Speak out: the rising threat of indefinite detention

    The irony of it all is way more telling than the State of the Union address that we will hear in a few weeks. A constitutional lawyer who was freely elected president signs into law an act that betrays the very principles that the nation he represents was founded on. While the more cautious of us might shy away from the word fascism to describe a nation’s military having the right to detain citizens without trial, it is certainly not hyperbole. There has already been an onslaught of criticism regarding the controversial National Defense Authorization Act (NDAA) that Congress legislated and President Obama signed into law on January 1, 2012.

    Historically, the NDAA was a spending bill that set the annual budget for the US military. Recently, the guaranteed passage of the NDAA has been used by legislators—in spite of vehement rhetorical opposition by progressive and GOP legislators, the bill still passed, unsurprisingly, with overwhelming support (86-13 with one abstaining in the Senate; 322-96 with eleven abstaining in the House)—to craft the policies and politics of the war on terror.

    The same day President Obama signed the NDAA, activists with Witness Against Torture (WAT) began preparing for a January 3, 2012 trial to defend themselves against charges stemming from a June 2011 protest when they interrupted House of Representative deliberations on a Defense Appropriations Bill—a precursor to the final NDAA.

    The reason for WAT’s protest was not the provision that allows the president to indefinitely detain anyone, anywhere, which was not included in the early drafts of the 2012 military spending bill. Rather WAT was protesting the provisions in the bill—which did make it into the NDAA—that establish the prison in Guantanamo Bay as a permanent fixture in U.S. foreign policy and seriously question America’s commitment to human and civil rights. Journalist Andy Worthington describes the provisions that make it near impossible to transfer detainees for trial in civilian courts or release them to foreign countries.
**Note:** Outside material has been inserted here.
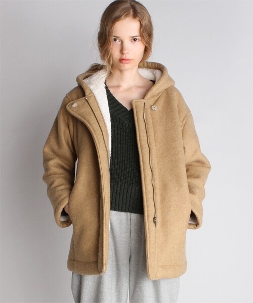 ●お届け予定 : 2016年10月中旬※こちらは予約商品になります人気のボンディング素材が今年も登場昨年ご好評を頂いた「ボンディング素材」が、生地を少し改良して再登場。ふわっとした印象の ニットソー生地の裏に、シープボアを貼付けたボンディング素材で、ボリュームがあるのにエアリーな質感が特徴です。一枚仕立てのラフさもポイントに。柔ら かく暖かいイメージを活かし、ふっくらとした印象に仕上げました。ZIP UPデザインのジャケット。裾にかけてすっきりとさせているので、フロントを閉めても着崩れせずコンパクトなシルエットで着用して頂けます。大きめのフードが首もとをすっぽりと包み込む感じも可愛らしく、ボトムを選ばない絶妙な着丈も魅力です。※画像の商品はサンプルです。実際の商品と仕様、加工、サイズが若干異なる場合がございます。■ KEYWORD ■アウター/羽織り/ウール/裏ボア/防寒/ニット/ワイドパンツModel:身長 166 cm 着用サイズ:Mサイズ

    The uproar regarding the NDAA’s potential treatment of U.S. citizens as “enemy combatants,” without rights to counsel or trial, in the war on terror is simply the realization of a misguided, immoral, and ineffective domestic and foreign response to terrorism. The chickens are coming home to roost. The American legacy of the 2000s is one of torture, illegal domestic spying, the flouting of international law, and unconscionable detention practices. Meanwhile, nonviolent alternatives for effectively dealing with terrorists—such as a long-stalled potential rehabilitation center for Guantanamo detainees or peer-group centers that challenge and shift the narratives of Islamist terrorism (such as Abdul Haqq Baker and the STREET center that WNV favorite Tina Rosenberg has reported on)—are not given much official consideration.

    Instead, the net of repression continues to grow as it extends across the planet and all its peoples. The U.S. and its people have not been troubled much by the men, women, and even children who languish in its military prisons—secret or otherwise—in Cuba, Bagram, Afghanistan, Bucharest, Romania and countless other global locations. As Witness Against Torture activists, whom I am joining, begin an 11-day Fast for Justice on behalf of all those indefinitely detained, will ordinary Americans recognize the global assault on freedom that the Bush and Obama administrations have waged for over a decade?

    As Gitmo proves, the policy and practice of indefinite detention is not new. It’s only the latest in a long, ugly succession of unjust detentions ranging from American Indian boarding schools to Japanese internment camps to slave plantations and Abu Ghraib. Even if Americans are aghast at the NDAA’s contents that quite clearly contradict the constitutional right of habeas corpus we hold so dear, it is foolish to think this is just a naïve lapse of judgment by the keepers of our best interests. The cat was let out of the bag a long time ago. Recall the famous words of Martin Niemöller, the anti-Nazi pastor and pacifist:

    First they came for the communists,
    and I didn’t speak out because I wasn’t a communist.

    Then they came for the trade unionists,
    and I didn’t speak out because I wasn’t a trade unionist.

    Then they came for the Jews,
    and I didn’t speak out because I wasn’t a Jew.

    Then they came for me
    and there was no one left to speak out for me.

    We have failed to speak out for prisoners detained the world over. President Obama enters the final year of his first term, and his landmark executive order to close Guantanamo has been reduced to little more than a prank played on hopeful supporters; 171 men remain imprisoned—more than 60 of whom were cleared for release years ago by President Bush. It is not too late to speak out for them—or ourselves, for that matter—but the sun is setting and the dark night of indefinite detention threatens to rise on friend and foe alike. Join us on January 11.